Extracted entries
[Start of section]
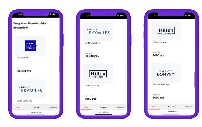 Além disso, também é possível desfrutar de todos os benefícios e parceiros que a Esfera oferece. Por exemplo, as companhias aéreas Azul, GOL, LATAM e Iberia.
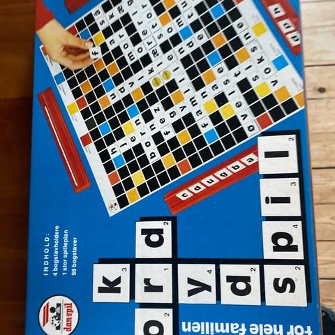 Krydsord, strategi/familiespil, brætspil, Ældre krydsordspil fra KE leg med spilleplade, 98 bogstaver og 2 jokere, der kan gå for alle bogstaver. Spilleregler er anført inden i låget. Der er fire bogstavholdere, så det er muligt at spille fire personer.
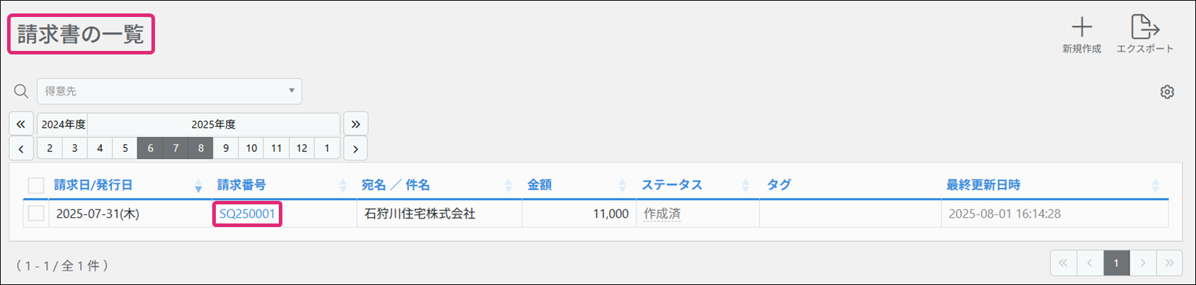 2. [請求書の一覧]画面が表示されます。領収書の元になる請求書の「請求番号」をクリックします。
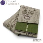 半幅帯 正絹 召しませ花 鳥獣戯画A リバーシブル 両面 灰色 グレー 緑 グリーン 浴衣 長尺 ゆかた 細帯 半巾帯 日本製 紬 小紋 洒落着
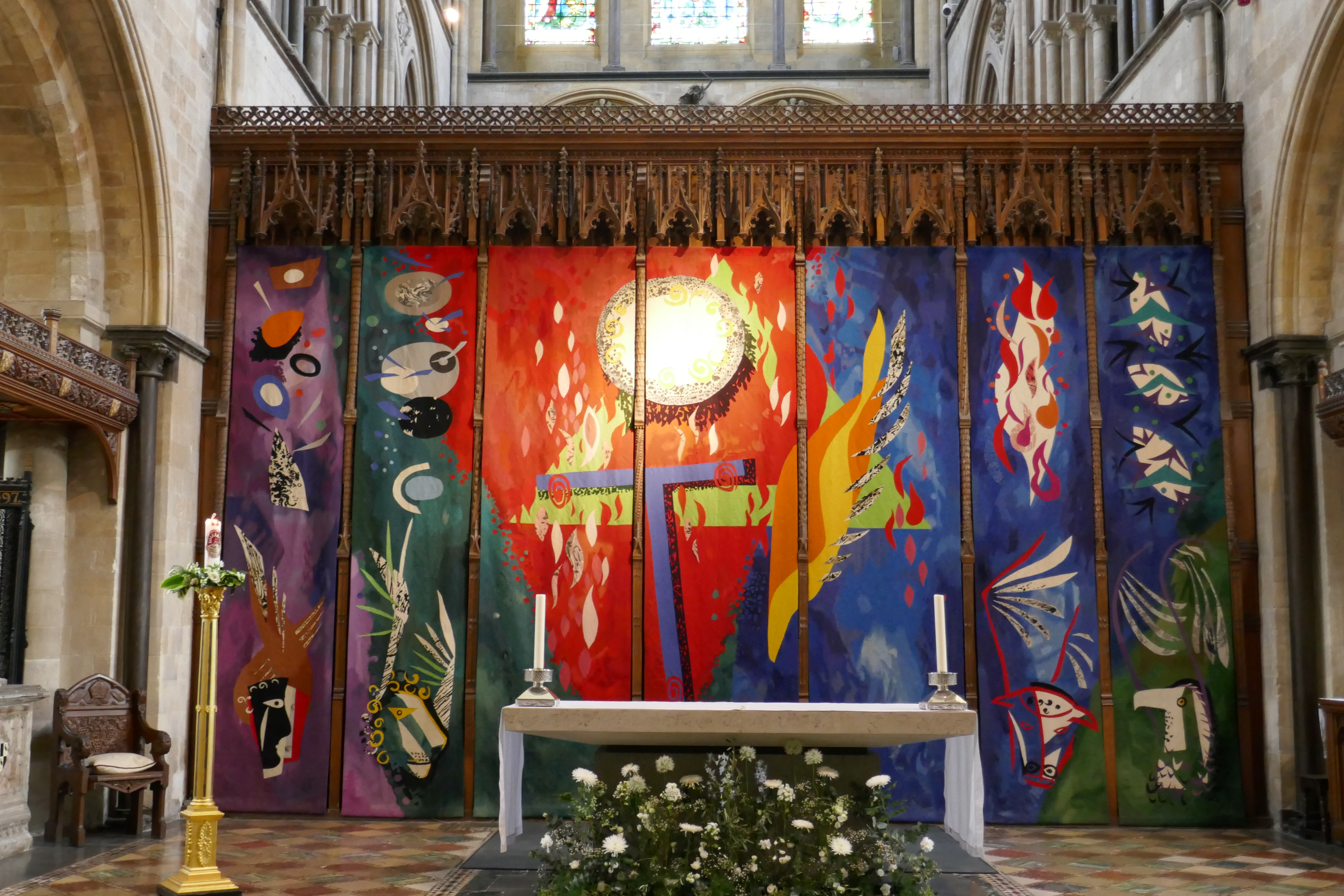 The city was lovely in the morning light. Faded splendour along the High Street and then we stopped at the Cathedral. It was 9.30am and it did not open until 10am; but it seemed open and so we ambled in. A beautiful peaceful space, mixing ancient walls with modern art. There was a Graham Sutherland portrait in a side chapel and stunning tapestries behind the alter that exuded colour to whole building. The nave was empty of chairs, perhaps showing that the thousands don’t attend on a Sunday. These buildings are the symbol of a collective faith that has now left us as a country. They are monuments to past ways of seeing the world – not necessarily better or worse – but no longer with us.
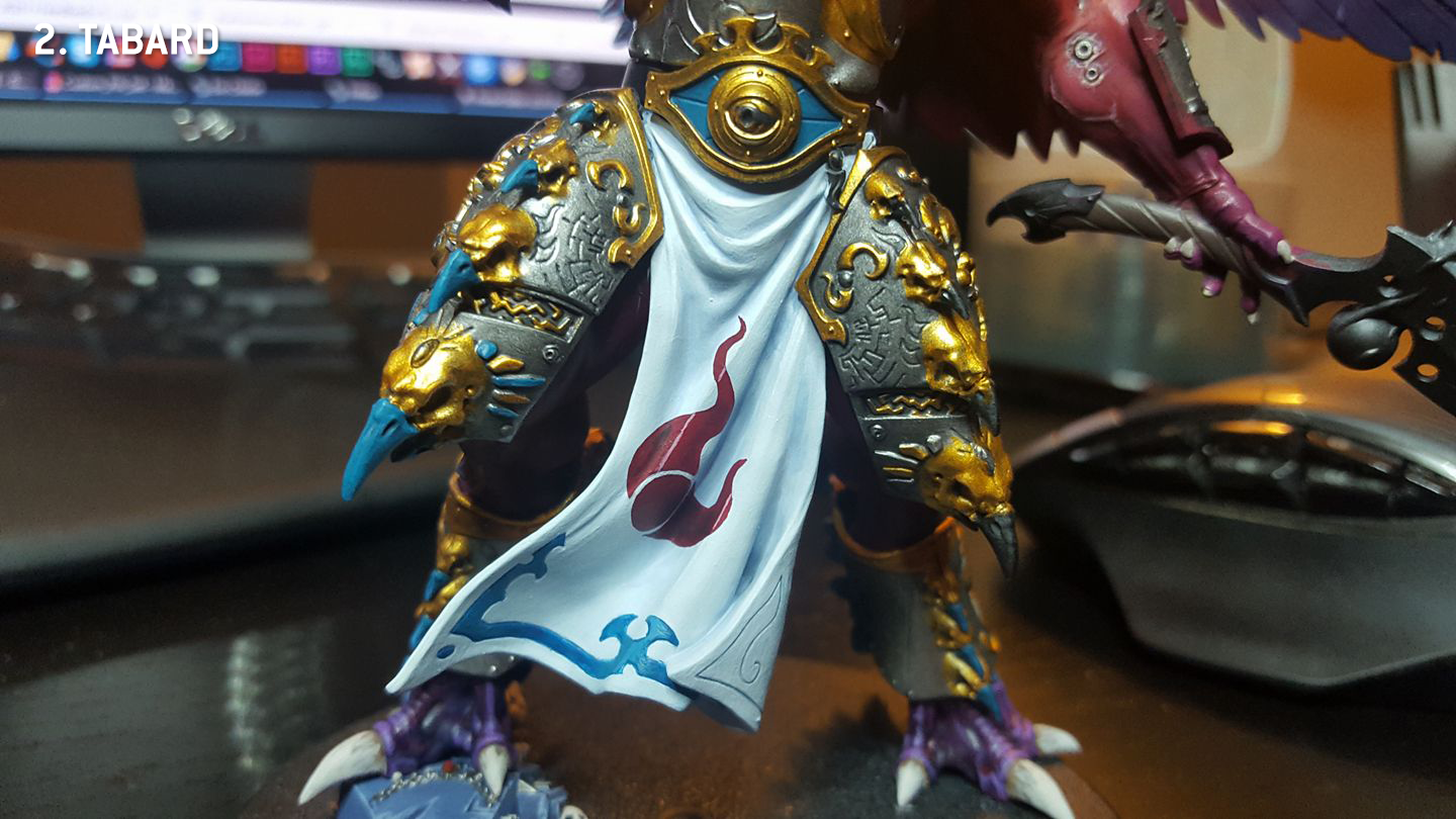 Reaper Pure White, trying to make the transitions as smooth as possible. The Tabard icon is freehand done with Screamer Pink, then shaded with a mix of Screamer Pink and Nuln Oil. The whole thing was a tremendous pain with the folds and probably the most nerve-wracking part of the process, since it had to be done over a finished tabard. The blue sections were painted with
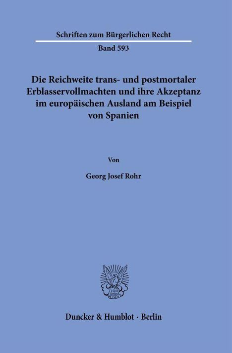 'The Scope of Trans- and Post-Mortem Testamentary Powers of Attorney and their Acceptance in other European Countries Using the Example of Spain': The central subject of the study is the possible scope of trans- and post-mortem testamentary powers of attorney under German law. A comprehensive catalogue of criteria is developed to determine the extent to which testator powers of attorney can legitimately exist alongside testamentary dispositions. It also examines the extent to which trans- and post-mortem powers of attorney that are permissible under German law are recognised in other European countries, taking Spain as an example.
[End of section]
[Start of section]
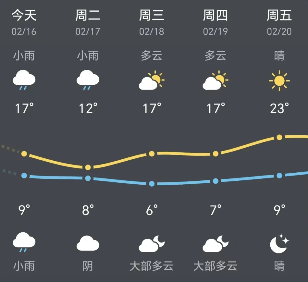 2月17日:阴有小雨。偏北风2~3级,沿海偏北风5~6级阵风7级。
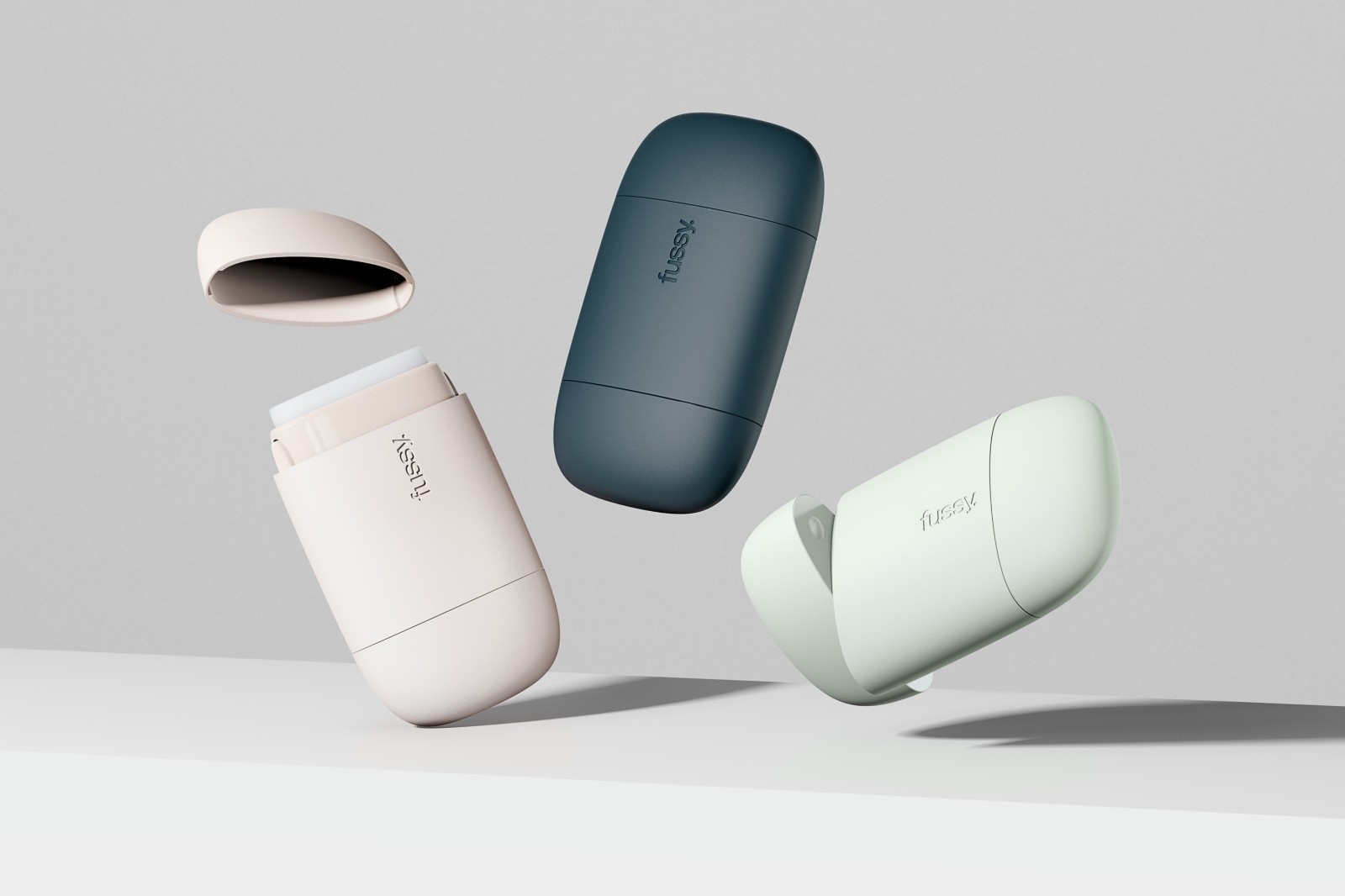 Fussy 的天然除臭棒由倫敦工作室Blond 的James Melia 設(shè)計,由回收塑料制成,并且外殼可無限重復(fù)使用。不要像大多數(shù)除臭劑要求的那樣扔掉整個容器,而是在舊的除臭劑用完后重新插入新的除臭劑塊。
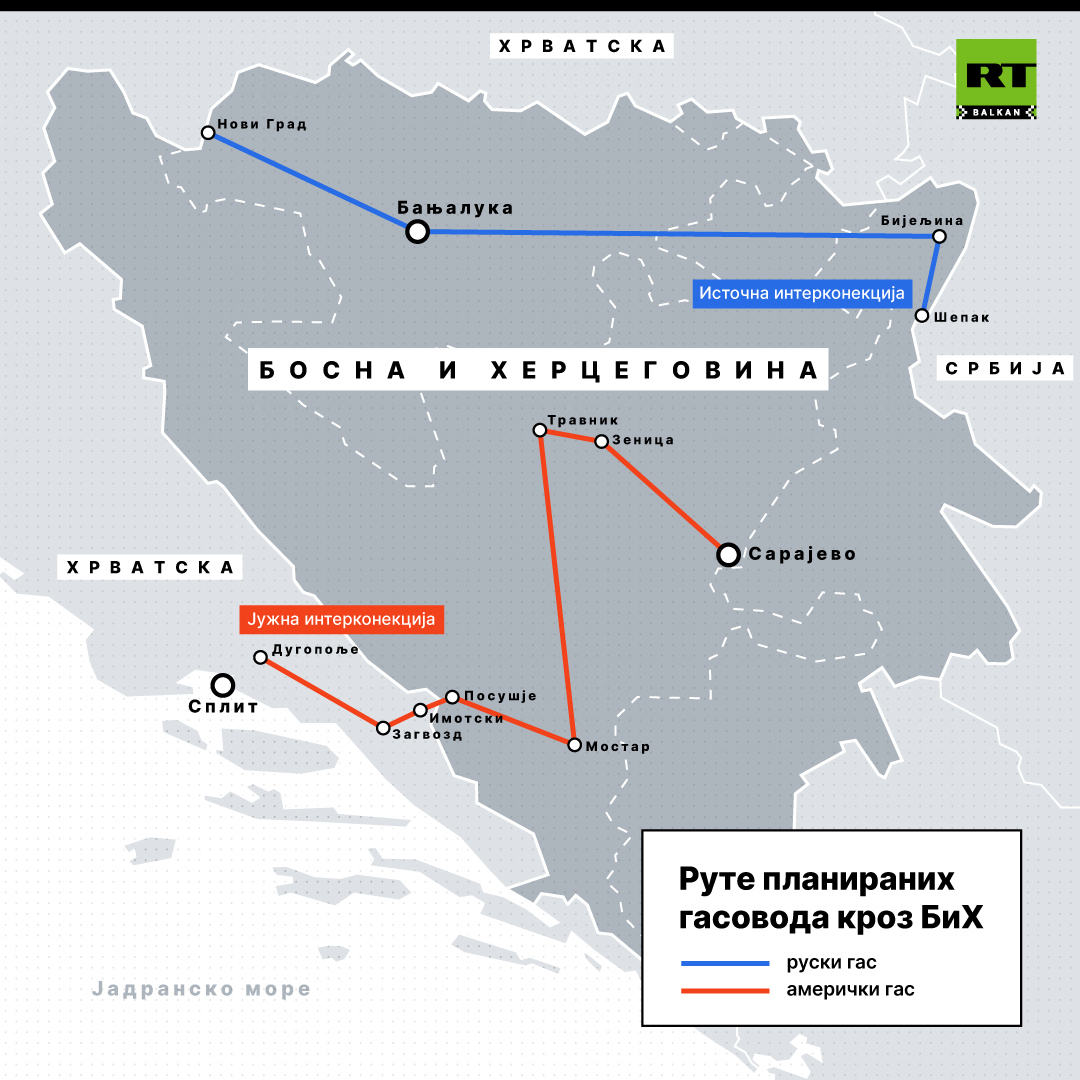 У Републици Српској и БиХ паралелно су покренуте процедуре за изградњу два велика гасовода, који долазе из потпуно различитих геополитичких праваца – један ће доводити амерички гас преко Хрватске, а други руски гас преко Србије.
[End of section]
Work order
Among the records above, locate the line containing "2. [請求書の一覧]画面が" and the line containing "as an example.", then transcribe exactly the lines starting at the first and ending at the second, with no pictures.

Response
 2. [請求書の一覧]画面が表示されます。領収書の元になる請求書の「請求番号」をクリックします。
 半幅帯 正絹 召しませ花 鳥獣戯画A リバーシブル 両面 灰色 グレー 緑 グリーン 浴衣 長尺 ゆかた 細帯 半巾帯 日本製 紬 小紋 洒落着
 The city was lovely in the morning light. Faded splendour along the High Street and then we stopped at the Cathedral. It was 9.30am and it did not open until 10am; but it seemed open and so we ambled in. A beautiful peaceful space, mixing ancient walls with modern art. There was a Graham Sutherland portrait in a side chapel and stunning tapestries behind the alter that exuded colour to whole building. The nave was empty of chairs, perhaps showing that the thousands don’t attend on a Sunday. These buildings are the symbol of a collective faith that has now left us as a country. They are monuments to past ways of seeing the world – not necessarily better or worse – but no longer with us.
 Reaper Pure White, trying to make the transitions as smooth as possible. The Tabard icon is freehand done with Screamer Pink, then shaded with a mix of Screamer Pink and Nuln Oil. The whole thing was a tremendous pain with the folds and probably the most nerve-wracking part of the process, since it had to be done over a finished tabard. The blue sections were painted with
 'The Scope of Trans- and Post-Mortem Testamentary Powers of Attorney and their Acceptance in other European Countries Using the Example of Spain': The central subject of the study is the possible scope of trans- and post-mortem testamentary powers of attorney under German law. A comprehensive catalogue of criteria is developed to determine the extent to which testator powers of attorney can legitimately exist alongside testamentary dispositions. It also examines the extent to which trans- and post-mortem powers of attorney that are permissible under German law are recognised in other European countries, taking Spain as an example.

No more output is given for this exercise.